* _Aim of the exercise_: Set out exactly, line by line, the stretch of data below that begins at the line containing "Spend an afternoon" and ends at the line containing "This paper proposes", with both ends kept.
----- Data for analysis -----
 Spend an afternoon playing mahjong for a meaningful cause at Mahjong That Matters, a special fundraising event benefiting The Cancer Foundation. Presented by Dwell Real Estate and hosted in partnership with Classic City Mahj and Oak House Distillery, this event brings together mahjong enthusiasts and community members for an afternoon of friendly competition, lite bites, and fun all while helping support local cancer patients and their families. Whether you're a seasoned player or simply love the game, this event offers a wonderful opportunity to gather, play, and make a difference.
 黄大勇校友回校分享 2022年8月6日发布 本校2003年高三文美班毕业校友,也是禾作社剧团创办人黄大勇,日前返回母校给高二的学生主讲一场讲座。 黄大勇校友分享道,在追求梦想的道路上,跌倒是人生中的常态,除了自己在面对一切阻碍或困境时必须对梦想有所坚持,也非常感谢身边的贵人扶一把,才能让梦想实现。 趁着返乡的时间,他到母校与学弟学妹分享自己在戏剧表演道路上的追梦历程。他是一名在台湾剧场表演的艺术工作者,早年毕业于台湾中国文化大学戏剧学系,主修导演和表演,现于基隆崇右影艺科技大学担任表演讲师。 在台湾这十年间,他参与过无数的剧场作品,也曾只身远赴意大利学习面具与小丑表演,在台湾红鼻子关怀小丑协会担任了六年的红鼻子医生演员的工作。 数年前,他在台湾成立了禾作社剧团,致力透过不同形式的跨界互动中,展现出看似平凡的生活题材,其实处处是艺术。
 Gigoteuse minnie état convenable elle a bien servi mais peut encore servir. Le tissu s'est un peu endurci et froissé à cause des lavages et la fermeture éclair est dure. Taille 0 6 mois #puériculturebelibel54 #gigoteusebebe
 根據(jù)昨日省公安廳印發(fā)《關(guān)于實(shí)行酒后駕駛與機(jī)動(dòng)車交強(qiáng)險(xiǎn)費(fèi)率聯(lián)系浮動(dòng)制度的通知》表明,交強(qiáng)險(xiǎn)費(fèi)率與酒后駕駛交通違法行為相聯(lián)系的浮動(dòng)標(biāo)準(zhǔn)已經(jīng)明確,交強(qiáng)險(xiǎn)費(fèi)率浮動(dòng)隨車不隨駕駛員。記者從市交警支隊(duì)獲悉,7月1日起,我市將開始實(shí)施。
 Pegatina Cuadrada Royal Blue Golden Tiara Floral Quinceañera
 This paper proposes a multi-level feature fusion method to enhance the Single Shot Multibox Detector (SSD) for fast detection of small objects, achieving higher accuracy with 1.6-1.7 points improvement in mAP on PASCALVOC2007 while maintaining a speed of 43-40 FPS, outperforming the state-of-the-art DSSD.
-----
----- Data for analysis -----
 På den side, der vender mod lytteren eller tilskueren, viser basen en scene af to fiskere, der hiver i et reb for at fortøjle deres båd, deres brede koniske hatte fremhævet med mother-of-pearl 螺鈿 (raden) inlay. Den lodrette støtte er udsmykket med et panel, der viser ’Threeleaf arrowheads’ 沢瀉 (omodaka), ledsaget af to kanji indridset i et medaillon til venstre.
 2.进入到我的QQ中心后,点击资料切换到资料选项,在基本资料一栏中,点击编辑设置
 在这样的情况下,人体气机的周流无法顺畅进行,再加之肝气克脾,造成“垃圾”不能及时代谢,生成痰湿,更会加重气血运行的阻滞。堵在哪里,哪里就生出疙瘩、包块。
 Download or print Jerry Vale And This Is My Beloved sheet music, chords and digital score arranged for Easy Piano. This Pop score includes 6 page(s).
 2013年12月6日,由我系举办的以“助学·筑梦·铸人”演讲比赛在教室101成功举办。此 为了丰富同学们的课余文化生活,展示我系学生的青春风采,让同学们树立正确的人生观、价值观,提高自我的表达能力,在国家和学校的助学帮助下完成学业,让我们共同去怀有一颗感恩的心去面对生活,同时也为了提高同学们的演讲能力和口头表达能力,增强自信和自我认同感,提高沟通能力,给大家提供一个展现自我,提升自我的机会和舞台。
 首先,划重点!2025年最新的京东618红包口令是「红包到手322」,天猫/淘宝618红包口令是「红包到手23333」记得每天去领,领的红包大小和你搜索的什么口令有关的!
-----
* _Exercise answer_:
 Spend an afternoon playing mahjong for a meaningful cause at Mahjong That Matters, a special fundraising event benefiting The Cancer Foundation. Presented by Dwell Real Estate and hosted in partnership with Classic City Mahj and Oak House Distillery, this event brings together mahjong enthusiasts and community members for an afternoon of friendly competition, lite bites, and fun all while helping support local cancer patients and their families. Whether you're a seasoned player or simply love the game, this event offers a wonderful opportunity to gather, play, and make a difference.
 黄大勇校友回校分享 2022年8月6日发布 本校2003年高三文美班毕业校友,也是禾作社剧团创办人黄大勇,日前返回母校给高二的学生主讲一场讲座。 黄大勇校友分享道,在追求梦想的道路上,跌倒是人生中的常态,除了自己在面对一切阻碍或困境时必须对梦想有所坚持,也非常感谢身边的贵人扶一把,才能让梦想实现。 趁着返乡的时间,他到母校与学弟学妹分享自己在戏剧表演道路上的追梦历程。他是一名在台湾剧场表演的艺术工作者,早年毕业于台湾中国文化大学戏剧学系,主修导演和表演,现于基隆崇右影艺科技大学担任表演讲师。 在台湾这十年间,他参与过无数的剧场作品,也曾只身远赴意大利学习面具与小丑表演,在台湾红鼻子关怀小丑协会担任了六年的红鼻子医生演员的工作。 数年前,他在台湾成立了禾作社剧团,致力透过不同形式的跨界互动中,展现出看似平凡的生活题材,其实处处是艺术。
 Gigoteuse minnie état convenable elle a bien servi mais peut encore servir. Le tissu s'est un peu endurci et froissé à cause des lavages et la fermeture éclair est dure. Taille 0 6 mois #puériculturebelibel54 #gigoteusebebe
 根據(jù)昨日省公安廳印發(fā)《關(guān)于實(shí)行酒后駕駛與機(jī)動(dòng)車交強(qiáng)險(xiǎn)費(fèi)率聯(lián)系浮動(dòng)制度的通知》表明,交強(qiáng)險(xiǎn)費(fèi)率與酒后駕駛交通違法行為相聯(lián)系的浮動(dòng)標(biāo)準(zhǔn)已經(jīng)明確,交強(qiáng)險(xiǎn)費(fèi)率浮動(dòng)隨車不隨駕駛員。記者從市交警支隊(duì)獲悉,7月1日起,我市將開始實(shí)施。
 Pegatina Cuadrada Royal Blue Golden Tiara Floral Quinceañera
 This paper proposes a multi-level feature fusion method to enhance the Single Shot Multibox Detector (SSD) for fast detection of small objects, achieving higher accuracy with 1.6-1.7 points improvement in mAP on PASCALVOC2007 while maintaining a speed of 43-40 FPS, outperforming the state-of-the-art DSSD.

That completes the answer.